- Instructions to follow -
Type the records that follow again exactly as written, but drop the pictures.

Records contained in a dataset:
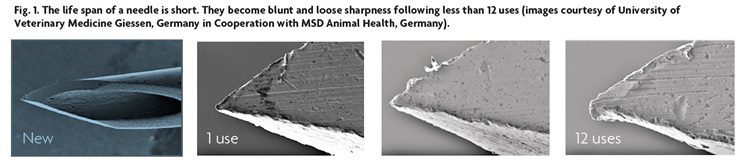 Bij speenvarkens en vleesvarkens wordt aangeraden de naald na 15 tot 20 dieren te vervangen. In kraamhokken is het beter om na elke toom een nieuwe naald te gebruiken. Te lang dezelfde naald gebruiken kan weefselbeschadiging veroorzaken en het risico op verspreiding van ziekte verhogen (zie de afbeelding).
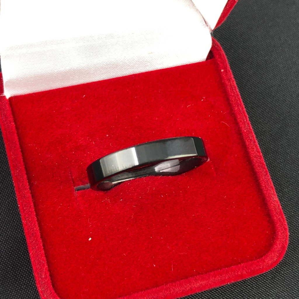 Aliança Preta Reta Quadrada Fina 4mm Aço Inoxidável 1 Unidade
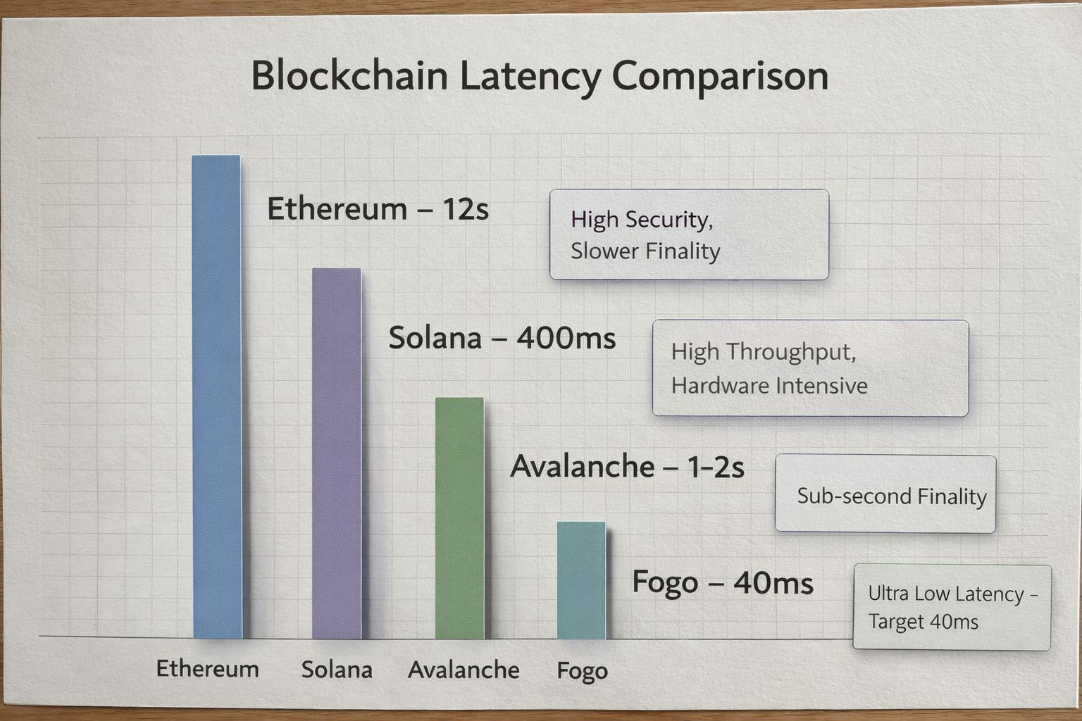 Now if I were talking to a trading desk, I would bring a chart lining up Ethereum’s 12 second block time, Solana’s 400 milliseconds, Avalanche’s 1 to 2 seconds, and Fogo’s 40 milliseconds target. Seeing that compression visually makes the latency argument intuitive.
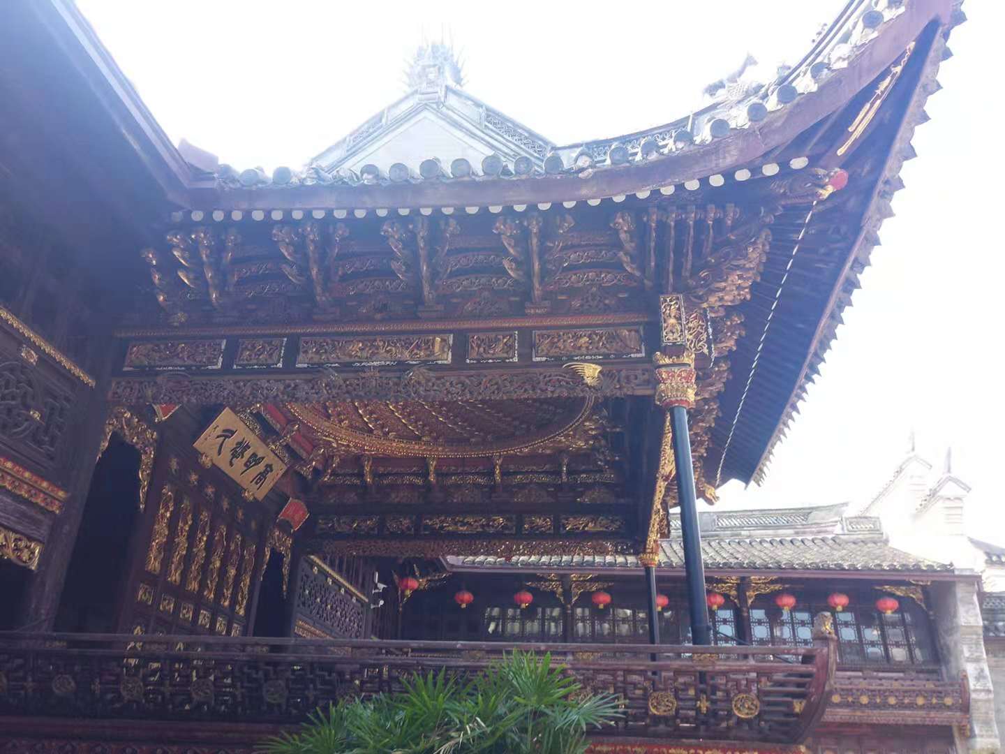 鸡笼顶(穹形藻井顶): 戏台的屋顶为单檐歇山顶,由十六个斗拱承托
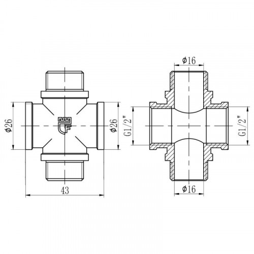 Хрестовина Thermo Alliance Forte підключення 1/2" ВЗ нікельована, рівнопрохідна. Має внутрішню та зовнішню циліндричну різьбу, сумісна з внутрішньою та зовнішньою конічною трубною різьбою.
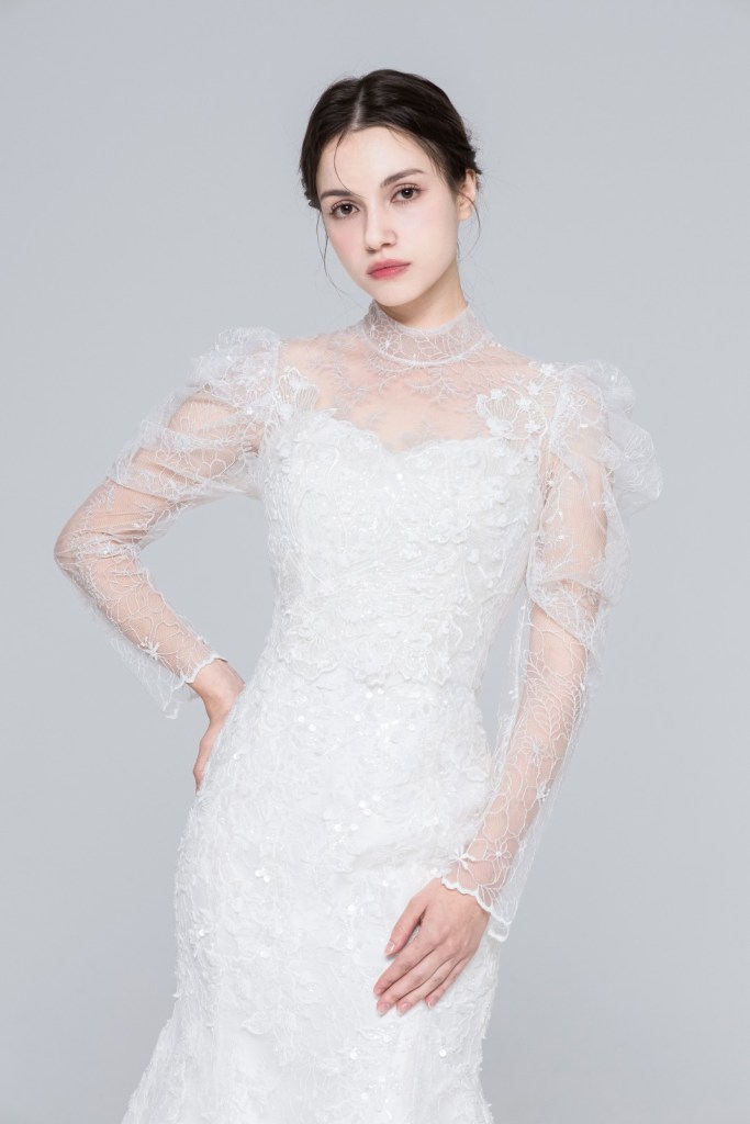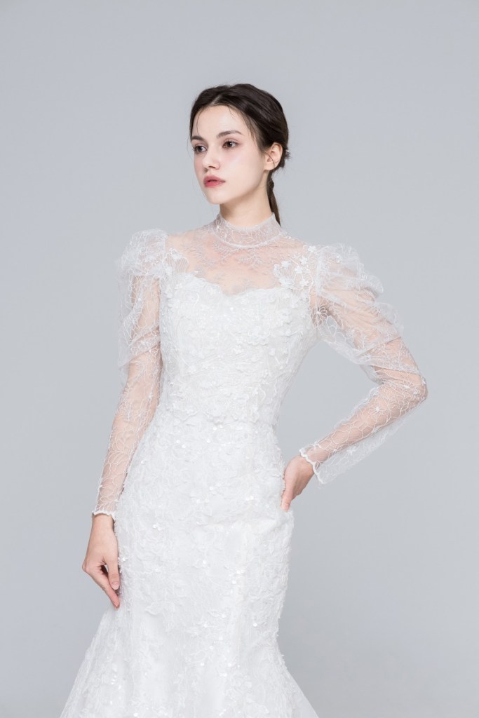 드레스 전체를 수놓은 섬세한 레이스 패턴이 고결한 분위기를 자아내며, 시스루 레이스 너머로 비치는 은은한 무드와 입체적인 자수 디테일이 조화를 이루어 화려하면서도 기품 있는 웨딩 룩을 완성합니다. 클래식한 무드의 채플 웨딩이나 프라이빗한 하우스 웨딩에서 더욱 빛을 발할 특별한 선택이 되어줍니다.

- Answer below -
 Bij speenvarkens en vleesvarkens wordt aangeraden de naald na 15 tot 20 dieren te vervangen. In kraamhokken is het beter om na elke toom een nieuwe naald te gebruiken. Te lang dezelfde naald gebruiken kan weefselbeschadiging veroorzaken en het risico op verspreiding van ziekte verhogen (zie de afbeelding).
 Aliança Preta Reta Quadrada Fina 4mm Aço Inoxidável 1 Unidade
 Now if I were talking to a trading desk, I would bring a chart lining up Ethereum’s 12 second block time, Solana’s 400 milliseconds, Avalanche’s 1 to 2 seconds, and Fogo’s 40 milliseconds target. Seeing that compression visually makes the latency argument intuitive.
 鸡笼顶(穹形藻井顶): 戏台的屋顶为单檐歇山顶,由十六个斗拱承托
 Хрестовина Thermo Alliance Forte підключення 1/2" ВЗ нікельована, рівнопрохідна. Має внутрішню та зовнішню циліндричну різьбу, сумісна з внутрішньою та зовнішньою конічною трубною різьбою.
 드레스 전체를 수놓은 섬세한 레이스 패턴이 고결한 분위기를 자아내며, 시스루 레이스 너머로 비치는 은은한 무드와 입체적인 자수 디테일이 조화를 이루어 화려하면서도 기품 있는 웨딩 룩을 완성합니다. 클래식한 무드의 채플 웨딩이나 프라이빗한 하우스 웨딩에서 더욱 빛을 발할 특별한 선택이 되어줍니다.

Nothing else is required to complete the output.